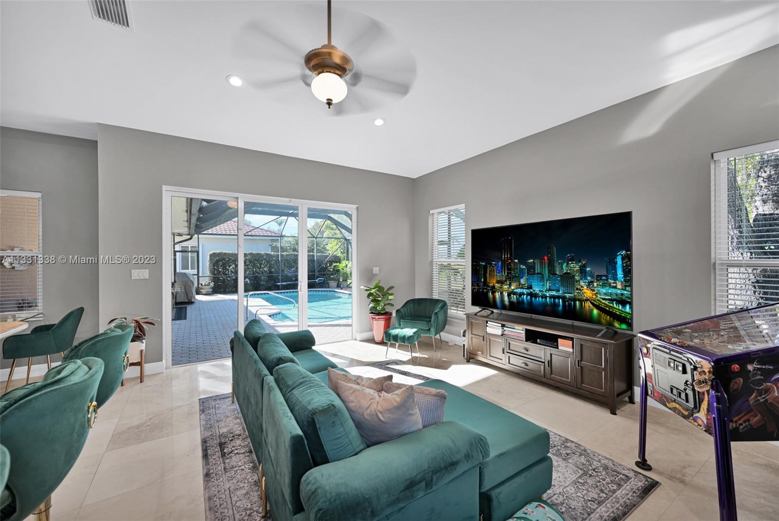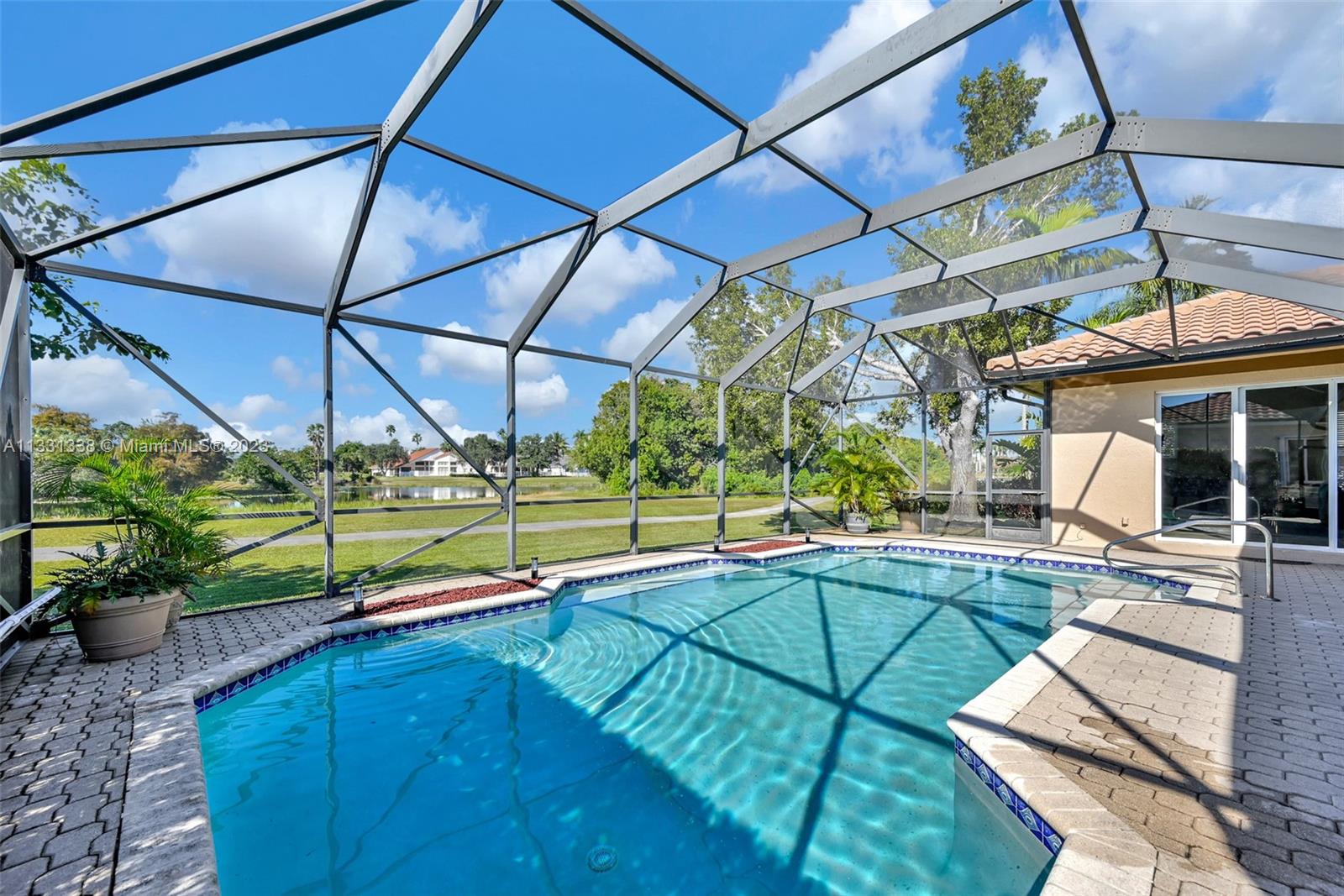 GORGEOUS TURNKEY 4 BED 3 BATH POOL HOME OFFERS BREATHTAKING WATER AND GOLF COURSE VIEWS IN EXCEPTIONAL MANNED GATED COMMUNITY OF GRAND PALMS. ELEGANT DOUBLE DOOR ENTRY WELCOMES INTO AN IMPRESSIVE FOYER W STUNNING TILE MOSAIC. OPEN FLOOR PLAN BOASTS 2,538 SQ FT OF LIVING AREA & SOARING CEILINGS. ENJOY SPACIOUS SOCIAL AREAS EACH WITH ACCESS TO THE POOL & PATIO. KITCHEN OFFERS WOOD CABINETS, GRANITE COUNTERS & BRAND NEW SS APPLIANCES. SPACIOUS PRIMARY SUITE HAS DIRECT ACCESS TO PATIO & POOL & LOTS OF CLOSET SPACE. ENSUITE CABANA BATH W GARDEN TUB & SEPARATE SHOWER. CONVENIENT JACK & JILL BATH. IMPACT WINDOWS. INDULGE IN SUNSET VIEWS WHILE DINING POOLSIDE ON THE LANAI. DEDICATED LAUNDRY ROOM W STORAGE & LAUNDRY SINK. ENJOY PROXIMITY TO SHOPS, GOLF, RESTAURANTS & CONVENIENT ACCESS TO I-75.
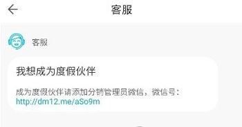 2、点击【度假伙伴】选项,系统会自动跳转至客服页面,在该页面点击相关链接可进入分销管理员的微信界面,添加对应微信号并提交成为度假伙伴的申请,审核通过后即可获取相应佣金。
---------------
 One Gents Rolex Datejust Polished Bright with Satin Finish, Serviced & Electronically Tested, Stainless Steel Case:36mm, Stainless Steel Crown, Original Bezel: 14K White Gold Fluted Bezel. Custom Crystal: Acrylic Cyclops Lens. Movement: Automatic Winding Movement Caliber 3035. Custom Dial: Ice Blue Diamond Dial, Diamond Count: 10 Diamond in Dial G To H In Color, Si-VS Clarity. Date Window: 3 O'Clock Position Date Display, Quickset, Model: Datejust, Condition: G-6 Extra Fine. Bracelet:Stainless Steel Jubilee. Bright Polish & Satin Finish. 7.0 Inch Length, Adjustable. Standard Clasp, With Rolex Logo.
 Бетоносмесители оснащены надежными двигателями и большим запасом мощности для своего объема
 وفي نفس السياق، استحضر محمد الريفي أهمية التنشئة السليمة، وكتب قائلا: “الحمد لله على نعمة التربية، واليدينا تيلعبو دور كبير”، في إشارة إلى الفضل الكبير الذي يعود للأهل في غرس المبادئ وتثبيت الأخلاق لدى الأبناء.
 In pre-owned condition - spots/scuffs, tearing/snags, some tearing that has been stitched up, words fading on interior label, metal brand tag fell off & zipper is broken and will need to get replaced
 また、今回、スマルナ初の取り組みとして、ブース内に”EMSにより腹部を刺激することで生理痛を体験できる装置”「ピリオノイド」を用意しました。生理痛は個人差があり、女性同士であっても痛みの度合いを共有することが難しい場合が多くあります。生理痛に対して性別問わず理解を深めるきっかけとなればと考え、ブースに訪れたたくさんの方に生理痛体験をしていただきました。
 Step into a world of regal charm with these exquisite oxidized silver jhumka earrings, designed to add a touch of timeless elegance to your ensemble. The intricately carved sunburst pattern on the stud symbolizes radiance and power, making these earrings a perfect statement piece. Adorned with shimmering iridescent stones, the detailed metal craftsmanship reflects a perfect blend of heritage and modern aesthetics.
---------------
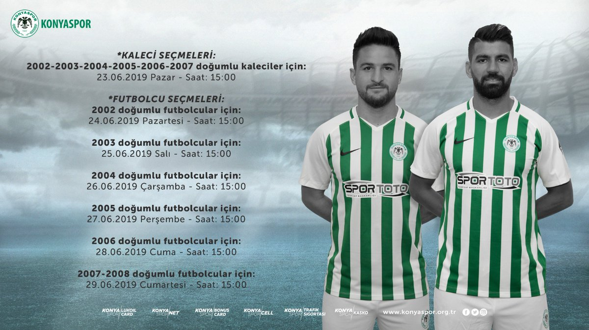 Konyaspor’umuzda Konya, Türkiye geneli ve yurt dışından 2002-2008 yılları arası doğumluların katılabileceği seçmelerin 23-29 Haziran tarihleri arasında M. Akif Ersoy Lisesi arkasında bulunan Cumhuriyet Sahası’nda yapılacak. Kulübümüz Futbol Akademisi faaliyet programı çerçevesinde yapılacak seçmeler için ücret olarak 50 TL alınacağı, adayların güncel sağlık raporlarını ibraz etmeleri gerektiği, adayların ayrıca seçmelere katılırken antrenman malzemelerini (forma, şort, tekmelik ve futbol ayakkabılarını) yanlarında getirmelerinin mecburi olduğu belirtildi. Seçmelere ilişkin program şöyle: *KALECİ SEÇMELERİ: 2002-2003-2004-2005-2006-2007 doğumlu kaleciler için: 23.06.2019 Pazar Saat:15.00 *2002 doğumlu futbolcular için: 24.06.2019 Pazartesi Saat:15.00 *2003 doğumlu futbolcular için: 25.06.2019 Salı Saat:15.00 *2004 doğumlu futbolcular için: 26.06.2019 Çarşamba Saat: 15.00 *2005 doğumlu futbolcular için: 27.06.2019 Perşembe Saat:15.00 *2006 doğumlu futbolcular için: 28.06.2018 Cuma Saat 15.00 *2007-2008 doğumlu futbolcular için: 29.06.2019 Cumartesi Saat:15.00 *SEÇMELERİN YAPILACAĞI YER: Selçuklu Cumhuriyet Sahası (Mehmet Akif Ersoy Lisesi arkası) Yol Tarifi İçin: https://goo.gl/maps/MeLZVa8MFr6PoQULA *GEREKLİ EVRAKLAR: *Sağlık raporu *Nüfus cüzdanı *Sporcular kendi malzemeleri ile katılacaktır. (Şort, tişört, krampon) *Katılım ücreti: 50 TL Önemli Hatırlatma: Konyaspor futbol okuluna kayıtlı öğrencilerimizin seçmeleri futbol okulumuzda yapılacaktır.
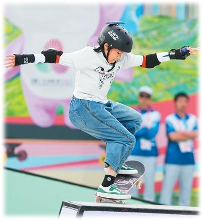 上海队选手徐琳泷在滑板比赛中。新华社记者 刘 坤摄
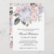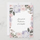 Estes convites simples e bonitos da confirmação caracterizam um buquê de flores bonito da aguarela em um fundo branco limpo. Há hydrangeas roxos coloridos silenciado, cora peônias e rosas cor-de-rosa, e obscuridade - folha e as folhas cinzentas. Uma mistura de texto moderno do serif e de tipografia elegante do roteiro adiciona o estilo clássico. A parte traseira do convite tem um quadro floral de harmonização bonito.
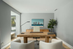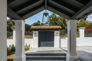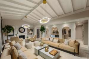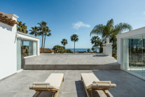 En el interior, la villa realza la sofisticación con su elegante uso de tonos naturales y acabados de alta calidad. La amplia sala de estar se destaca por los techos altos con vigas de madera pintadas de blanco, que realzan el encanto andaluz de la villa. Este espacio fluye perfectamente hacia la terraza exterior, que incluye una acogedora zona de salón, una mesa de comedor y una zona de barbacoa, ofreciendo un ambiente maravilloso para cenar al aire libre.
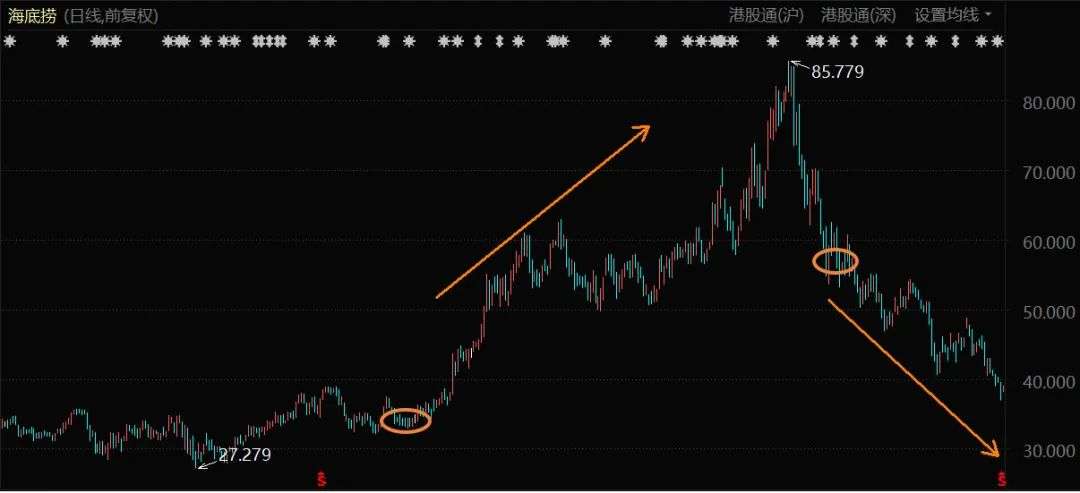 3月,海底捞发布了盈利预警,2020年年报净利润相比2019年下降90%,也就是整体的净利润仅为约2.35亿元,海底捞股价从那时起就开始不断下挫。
---------------
INSTRUCTIONS FOR THE TASK: Repeat, character for character, the lines of the material above from the line with "One Gents Rolex" through the line with "Бетоносмесители оснащены надежными".

FINISHED TASK:
 One Gents Rolex Datejust Polished Bright with Satin Finish, Serviced & Electronically Tested, Stainless Steel Case:36mm, Stainless Steel Crown, Original Bezel: 14K White Gold Fluted Bezel. Custom Crystal: Acrylic Cyclops Lens. Movement: Automatic Winding Movement Caliber 3035. Custom Dial: Ice Blue Diamond Dial, Diamond Count: 10 Diamond in Dial G To H In Color, Si-VS Clarity. Date Window: 3 O'Clock Position Date Display, Quickset, Model: Datejust, Condition: G-6 Extra Fine. Bracelet:Stainless Steel Jubilee. Bright Polish & Satin Finish. 7.0 Inch Length, Adjustable. Standard Clasp, With Rolex Logo.
 Бетоносмесители оснащены надежными двигателями и большим запасом мощности для своего объема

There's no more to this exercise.